Send all requests to a routing tier first which determines which node should handle this request and then forwards to the appropriate node directly. This is called a partition-aware load balancer and it doesn't handle any requests, it just forwards the request to the correct node.
Require that clients be aware of the partitioning and the assignment of partitions to nodes in which case they can directly connect to the appropriate nodes without a middleman.
In all cases, the key problem is: how does the component making the routing decision (which may be one of the nodes, the routing tier, or the client) learn about changes in the assignment of partitions to nodes?
This can be modeled as a distributed consensus problem in which nodes of the system perform a set of protocols to agree on a node, but those are very complex to implement, however they are more reliable and many systems are moving towards this direction nowadays.
The other method is having an authoritative service for maintaining this metadata, like ZooKeeper which in this case will maintain a mapping of partitions to nodes. Other actors, such as the routing tier or the partitioning-aware client, can subscribe to this information in ZooKeeper. Whenever a partition changes ownership or a node is added or removed, ZooKeeper notifies the routing tier so that it can keep its routing information up-to-date.
The previous diagram illustrates this further, as we can see we have a ZooKeeper deployed which maintains all needed metadata, like key ranges, partitions, nodes and IP addresses. So basically, it can answer the question of which node to talk to fetch a specific key.
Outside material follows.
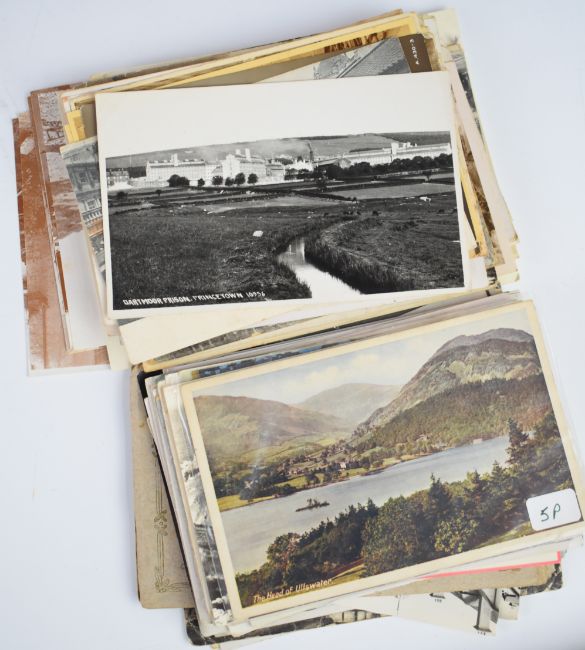 Early 20thC postcards, loose and in an album, including battleships, railway steam locomotives, Donald Mcgill humorous, Canvey Island and Newcastle on Tyne, together with a religious interest carte visite type album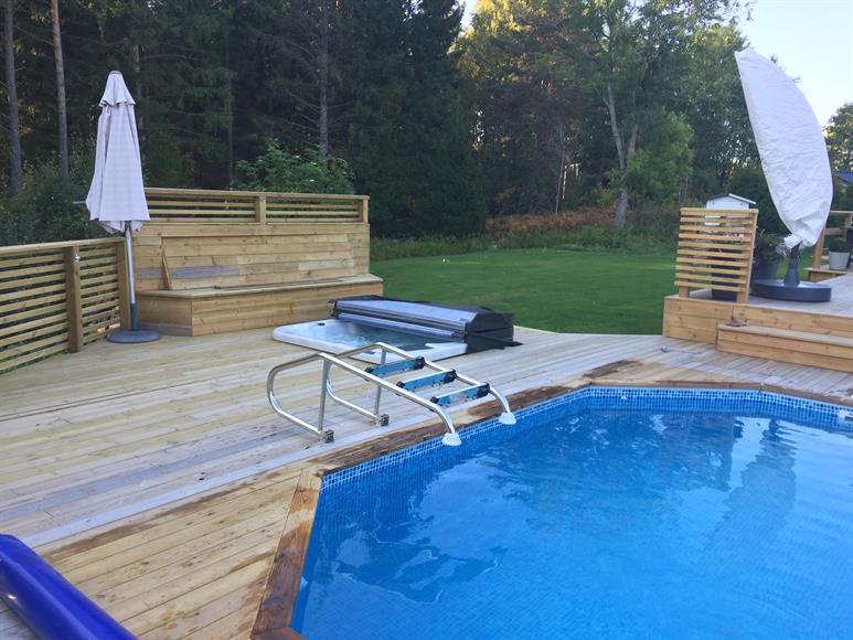 Welcome to rent this spacious house in a quiet neighborhood close to nature. This house is great for families who enjoy outdoor living in a calm environment.House features twin garage, pool, jacuzzi, a huge deck, sandbox, playhouse and swings, and more!House size 200 sqm.Plot size 1500 sqm.GROUND FLOORGround floor consists of a large open area with kitchen, dining area and living room combined. It also has 2 bedrooms, bathroom and laundry room.All hardwood floors and walls painted in 2018 in calm warm grey/green/white colors.HallwaySpacious hallway with built in sliding doors closet.KitchenKitchen has white cupboards and black countertop and tiling.Kitchen appliances from 2017-2019. Full fridge and full freezer, microwave, owen and induction stove.Tap from Grohe Blue with filtered chilled sparkling water directly from the tap.A large island where 4 people easily can sit for breakfast.Dining areawith large oak wood table that can fit 10 people.Living RoomLight living room with lots of windows facing the forest and access to the back yard wooden deck.Cozy sofas and 65" LG 4K LED TV + Sonos Soundsystem.Bedroom 1First bedroom on the ground floor is currently used as a walk in closet.Bedroom 2Second bedroom on the ground floor currently fitted with home cinema 5.1 sound system and a 104" screen and projector.Laundry RoomIncludes washer from 2020, tumble dryer, and a drying cabinet. Access to garden.Bathroom 1Ground floor bathroom with toilet and shower, furniture upgraded 2020. White tiling on the walls and grey tile floor.SECOND FLOORWhen you reach the second floor, there's a social area with a sofa and a 55" Samsung HDTV + playstation.From this room you can access all the bedrooms on the second floor.Bedroom 3Bedroom with grey walls, fits a 180 cm twin bed.Bedroom 4Bedroom with grey walls (kids room).Bedroom 5Bedroom with walk in closet and window facing the forest.Bedroom 6Bedroom with pink/white walls and a walk in closet.Bathroom 2Large bathroom on the second floor with toilet, twin basin and bathtub. Grey tiled floor and white tiling on walls.OUTDOORS/GARDENTwin garage of 55 sqm with 2 remote operated garage doors.Lots of space to park up to 6 cars in front of the garage.Front side of the house has a lawn and some smaller trees.On the left side of the house there's a plum tree and a pear tree, plus red and black currant and blackberry bushes. Boxes for growing zucchini, strawberries and tomatoes.Back side of the house has a wooden deck connected to the pool deck. Deck size is approx. 150 sqm.Heated Pool from Folkpool 6 x 3 x 1.2 m plus jacuzzi for 6 people. The deck has a Weber grill and both dining table and lounge furniture plus a large umbrella for shade. Outside theres a large lawn with a toolshed, sandbox and a playhouse. The backyard is facing a beautiful forest with nice walking paths, and gives good privacy to the backyard.SAFETY/SECURITYBoth main entrance and garage has Yale Doorman lock (keyless) connected to Verisure burglar alarm with video surveillance and fire indication. You control the whole system of smart locks and alarm system through a smartphone app that allows you to lock, unlock, turn alarm on/off and so on from any location.House is also fitted with 4 Arlo Pro surveillance cameras for added security.

In this architecture, we are keeping the routing tier as is and it's communicating with ZooKeeper to route the client request to the correct node. Also, ZooKeeper will always be listening to any changes that might occur for any reason and update its mapping.
As I said before, many systems that started this way, like for example databases like ClickHouse or message queue systems like Kafka ended up trying to ditch ZooKeeper in favor of their version of achieving consensus because it turns out that having a single authoritative service is not very reliable.
In this article, we discussed how partitioned databases deal with the changing nature of query throughput and data set sizes via performing rebalancing and we discussed some of the approaches that can be used, like the hash mod N, fixed partitions, and dynamic partitioning. Then we discussed how partitioned systems can perform request routing either by using distributed consensus algorithms or authoritative medata mapping services.